Return exactly the lines from the one containing "2011届研究生员工名录" through the last line of the records below, both included, and leave out any pictures.

## Records from a dataset
▬▬▬▬▬▬▬▬▬▬
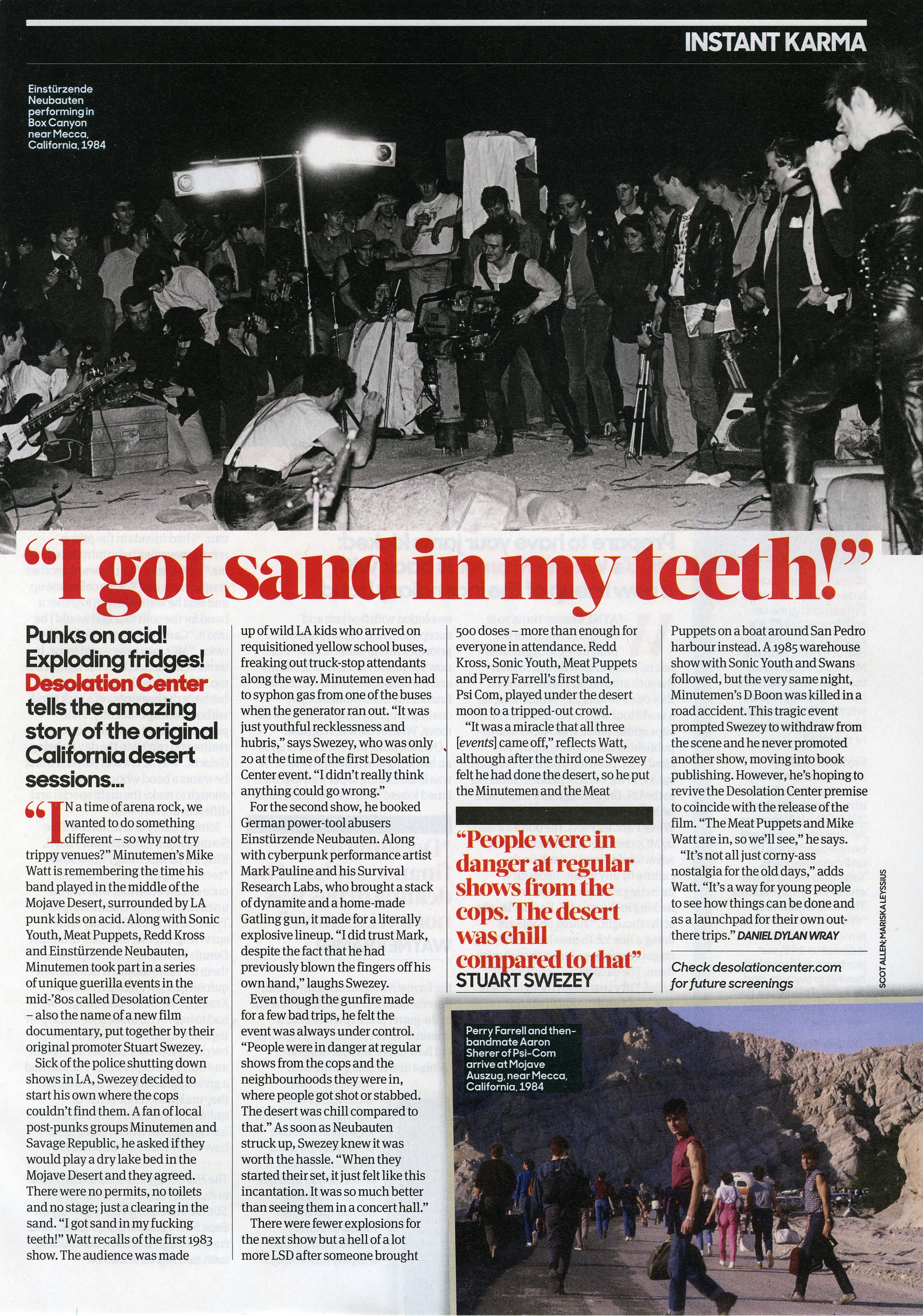 "The Desolation Center shows managed to avoid the pivotal moment when festivals for the counterculture shift and become mainstream, inevitably altering their feel and purpose. In some ways, the magic of the shows is that they never had a chance to become diluted by money or time: they were raw, they were real, and, most importantly, they were completely original." "A fascinating glimpse at the emergence of a phenomenon" Kim Gordon (from her book Girl In A Band: A Memoir): "We played in the middle of the Mojave Desert at a festival called Gila Monster Jamboree ... It was a magical night, one of my favorite shows ever. " "Stuart Swezey's important and electrifying documentary recounts the chaotic birth of what he dubbed the (now legendary) "Desolation Center" concerts-cum-happenings-cum-anarchy-crazed outings into the far backcountry of the Mojave Desert. They lasted for just two years but laid the foundations for those aforementioned music and art gargantuas. . . . Desolation Center illuminates a short-lived but absolutely momentous time when the Mojave beckoned, free of charge and front-loaded with anarchic artistic overload. Watching Sonic Youth blaze through their song "Death Valley 69" against the backdrop of disorganized yet ecstatic chaos, you're reminded that these desert micro-tests once upon a time had real teeth and zero air-conditioned VIP tents." "The greatest compliment one might pay Desolation Center is this: it somehow manages, against almost impossible odds, to capture the power of events that revolutionized pop music as we knew it. To watch director Stuart Swezey's essential documentary is to marvel at a dust-grimed Sonic Youth ripping through "Death Valley '69" in the California desert long before anyone had heard of Coachella. It's to sit there slack-jawed at the insanity of the Meat Puppets, caught losing their shit on a boat cruise a decade before Kurt Cobain tried to make them a household name with MTV Unplugged in New York. And it's to understand not only the revolutionary power of German noise pioneers Einstürzende Neubauten as they turn sheet metal into sonic art, but also the seeds of multimedia blowouts like Burning Man." "Between the utopian music festivals of the late 1960s and the corporate behemoths they've become, a series of site-specific concerts in Southern California once offered an alternative, wildly independent vision of what these types of events could be." "Continuing the DIY spirit of early California punk, Swezey set out to keep an emerging genre of alternative music out of nightclubs and inside mysterious warehouses and rehearsal places. This was in accordance with the principles of what would become known as Desolation Center, a consortium of post-punk aficionados who resisted the concept of money-making in favor of truly egalitarian experimental live shows with no guest lists, no paid advertising, and no solicitation of the press." Red Bull Music Academy interview RIOTFEST Interview PLEASE KILL ME Interview |
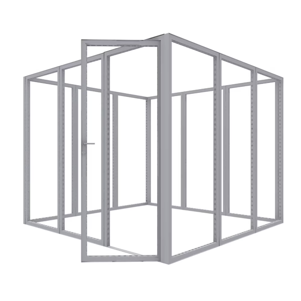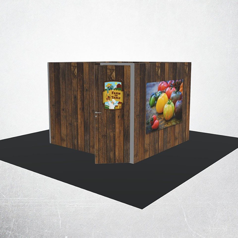 Modco Modular Display 6 is a three-dimensional 10′ x 10′ pre-designed exhibit room. Stylish and lively, this room is built using tool-free perforated modular aluminum frames. Multiple size frames connect using tool less pin connectors. The room features a door w/ lockset and key to complete your meeting room. For a flawless finish, cover the perforations completely.
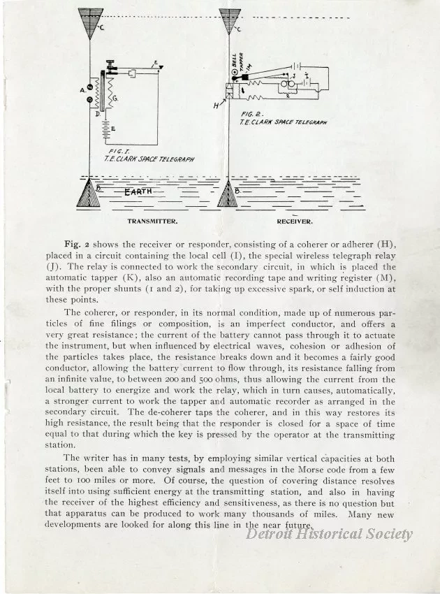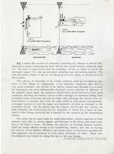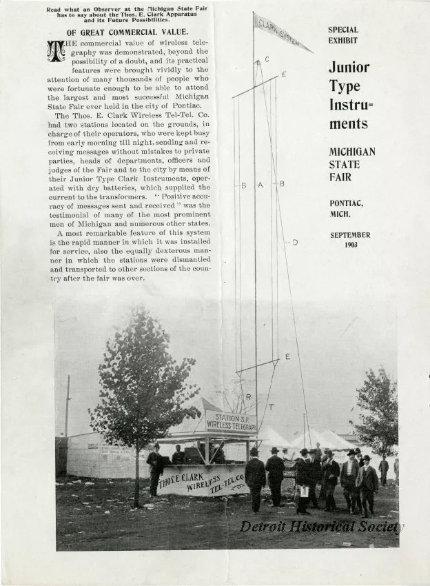 Article about the Thomas E. Clark Wireless Telegraph and Telephone Company's demonstration at the Michigan State Fair in Pontiac in September 1903. The setup consisted of a wireless transmitter which would sent Morse code messages to a receiver. The account is positive and the writer looks forward to further advances in this technology. A photo of one of the booths and towers is on the recto. The verso has circuit diagrams of both the transmitter and receiver. The right edge appears to have staple shaped tears suggesting this was removed from a magazine.
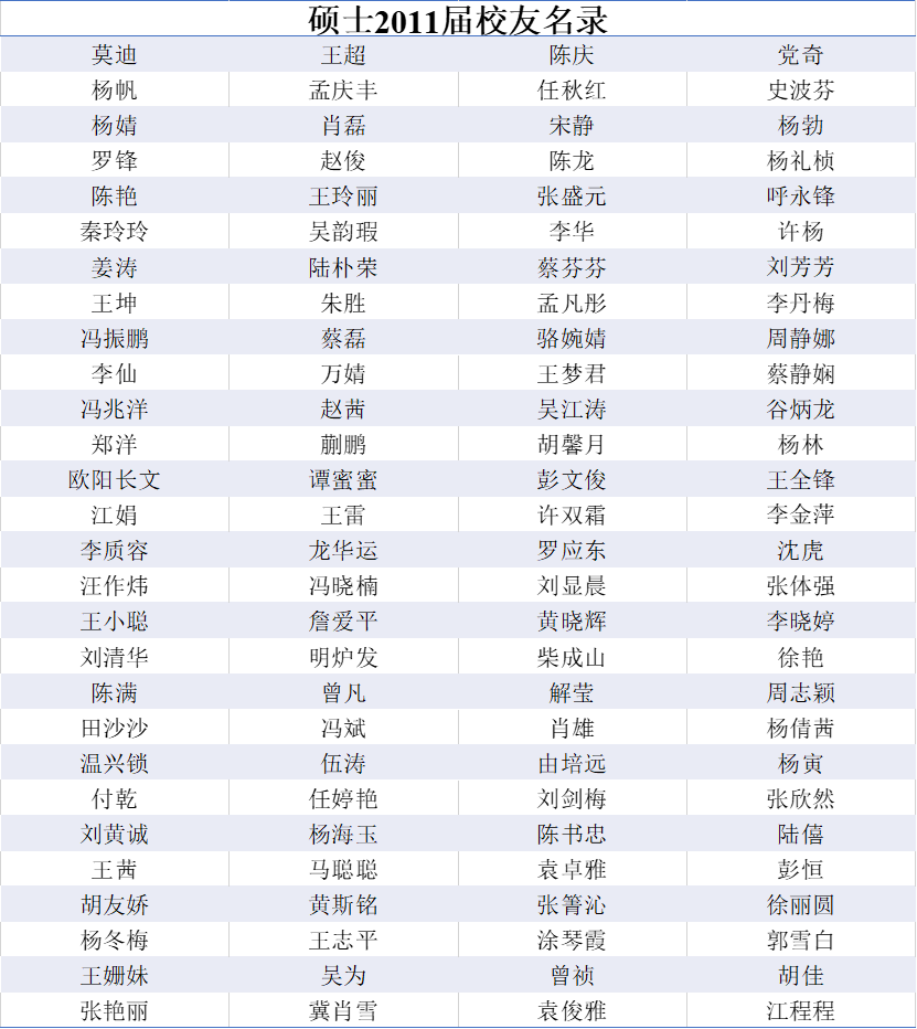 2011届研究生员工名录
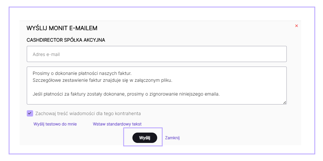 Następnie zostanie wyświetlone okno, w którym należy wprowadzić adres e-mail i treść wiadomości oraz wysłać monit lub wezwanie:
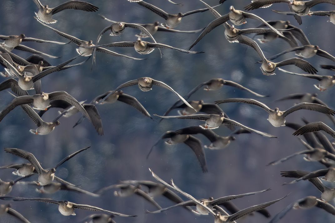 Bean Goose and Greater White-fronted Geese had come to a known rest field on their way north until Siberia.
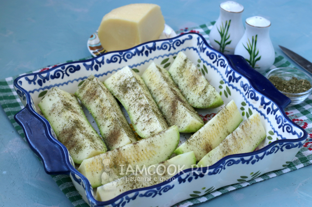 Кабачок хорошо вымыть, обрезать краешки. Разрезать его вдоль на 4 части. Если кабачок длинный, то можно его предварительно разрезать пополам, а затем каждую часть - ещё на четыре ломтика. Чистить кабачок не нужно.
▬▬▬▬▬▬▬▬▬▬
## Answer section
 2011届研究生员工名录
 Następnie zostanie wyświetlone okno, w którym należy wprowadzić adres e-mail i treść wiadomości oraz wysłać monit lub wezwanie:
 Bean Goose and Greater White-fronted Geese had come to a known rest field on their way north until Siberia.
 Кабачок хорошо вымыть, обрезать краешки. Разрезать его вдоль на 4 части. Если кабачок длинный, то можно его предварительно разрезать пополам, а затем каждую часть - ещё на четыре ломтика. Чистить кабачок не нужно.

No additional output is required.